■ **YOUR OBJECTIVE**
Starting at the line holding "On one such" and finishing at the line holding "Επισκέπτες και ντόπιοι", transcribe the material exactly, keeping both ends but no pictures.

■ **DATA FOR PROCESSING**
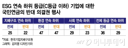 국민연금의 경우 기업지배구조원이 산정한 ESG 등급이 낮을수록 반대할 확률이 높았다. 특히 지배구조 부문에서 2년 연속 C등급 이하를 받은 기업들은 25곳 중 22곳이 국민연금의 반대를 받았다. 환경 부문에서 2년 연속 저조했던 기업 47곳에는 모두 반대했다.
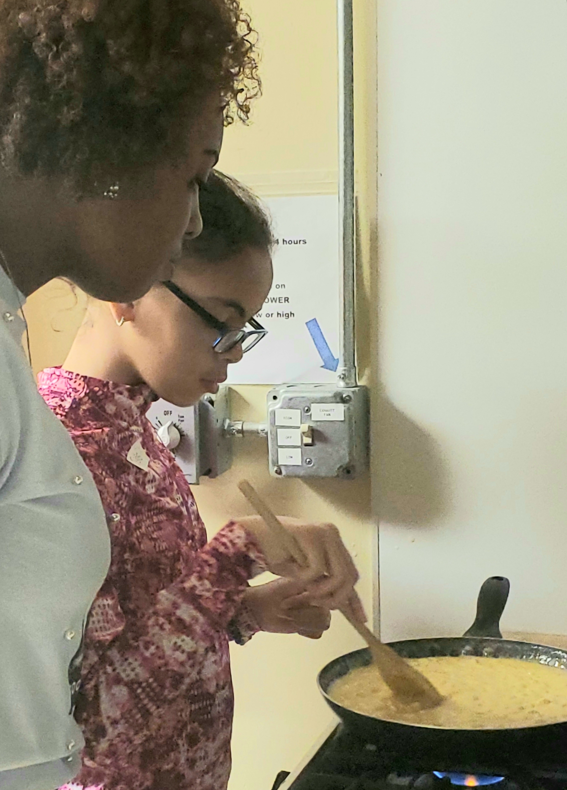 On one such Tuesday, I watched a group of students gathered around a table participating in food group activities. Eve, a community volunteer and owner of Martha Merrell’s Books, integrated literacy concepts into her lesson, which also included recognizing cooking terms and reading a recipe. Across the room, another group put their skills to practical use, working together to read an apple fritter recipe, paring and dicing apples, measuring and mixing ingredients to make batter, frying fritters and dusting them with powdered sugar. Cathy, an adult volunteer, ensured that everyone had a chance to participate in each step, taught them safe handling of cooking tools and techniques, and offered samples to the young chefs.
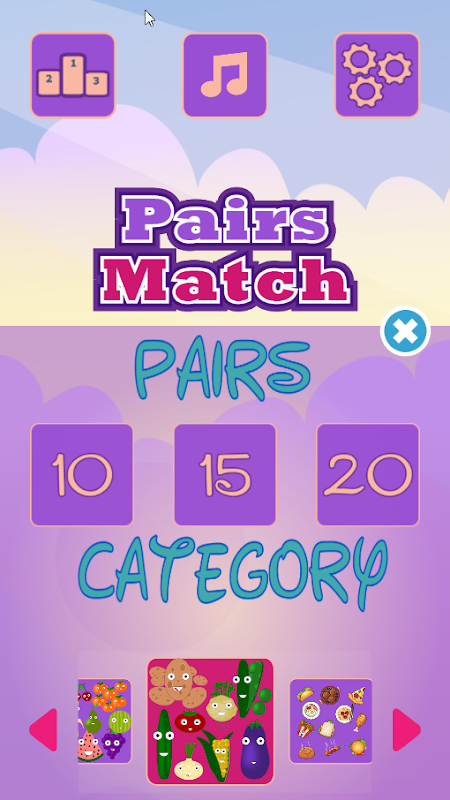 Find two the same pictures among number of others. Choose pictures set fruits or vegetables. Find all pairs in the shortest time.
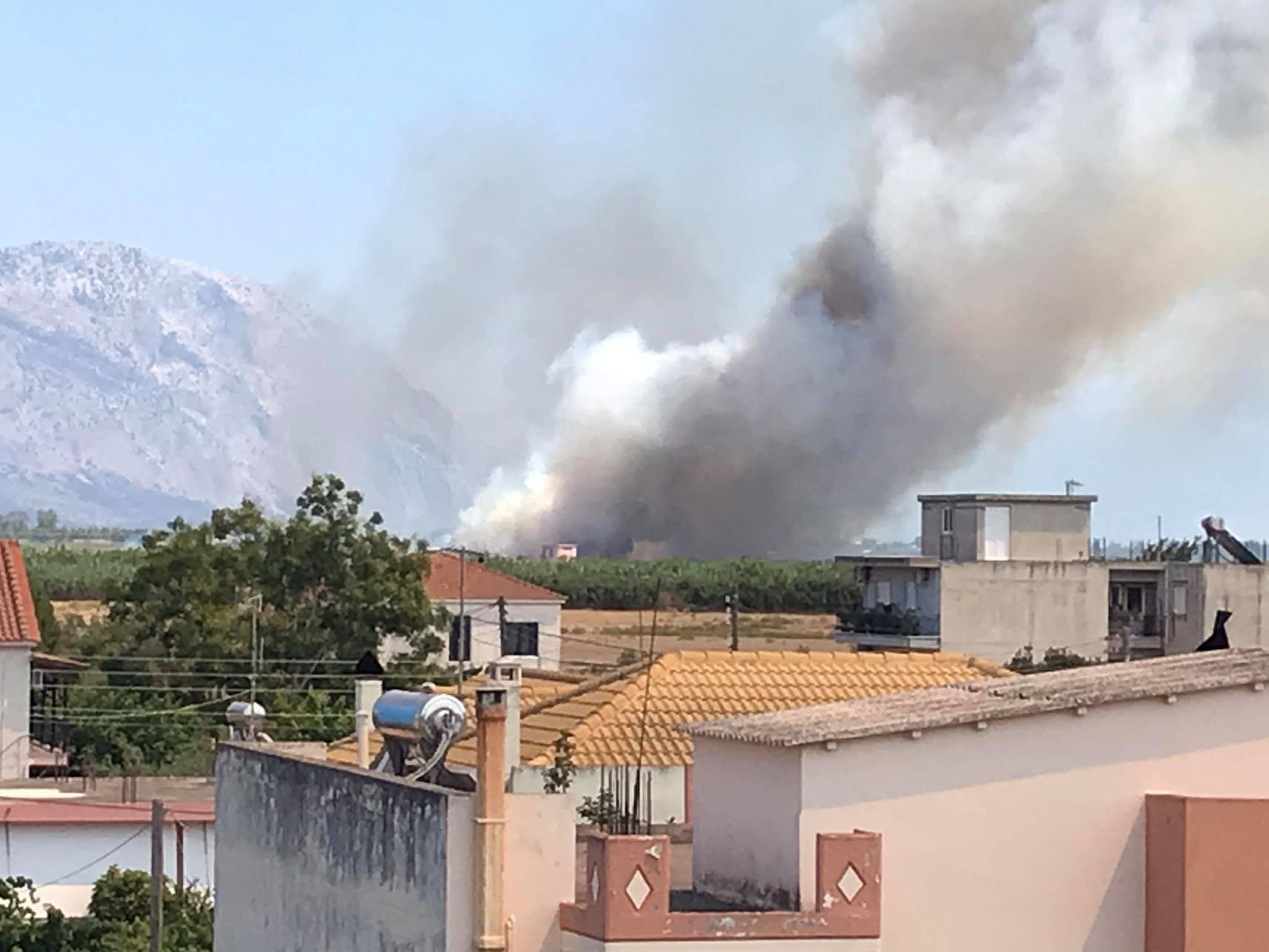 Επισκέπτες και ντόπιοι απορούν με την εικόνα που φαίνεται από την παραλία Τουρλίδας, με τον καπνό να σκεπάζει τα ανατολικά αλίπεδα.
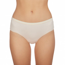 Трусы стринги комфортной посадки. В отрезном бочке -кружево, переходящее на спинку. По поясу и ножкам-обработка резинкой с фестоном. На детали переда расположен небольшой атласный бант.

■ **ANSWER TO THIS PROBLEM**
 On one such Tuesday, I watched a group of students gathered around a table participating in food group activities. Eve, a community volunteer and owner of Martha Merrell’s Books, integrated literacy concepts into her lesson, which also included recognizing cooking terms and reading a recipe. Across the room, another group put their skills to practical use, working together to read an apple fritter recipe, paring and dicing apples, measuring and mixing ingredients to make batter, frying fritters and dusting them with powdered sugar. Cathy, an adult volunteer, ensured that everyone had a chance to participate in each step, taught them safe handling of cooking tools and techniques, and offered samples to the young chefs.
 Find two the same pictures among number of others. Choose pictures set fruits or vegetables. Find all pairs in the shortest time.
 Επισκέπτες και ντόπιοι απορούν με την εικόνα που φαίνεται από την παραλία Τουρλίδας, με τον καπνό να σκεπάζει τα ανατολικά αλίπεδα.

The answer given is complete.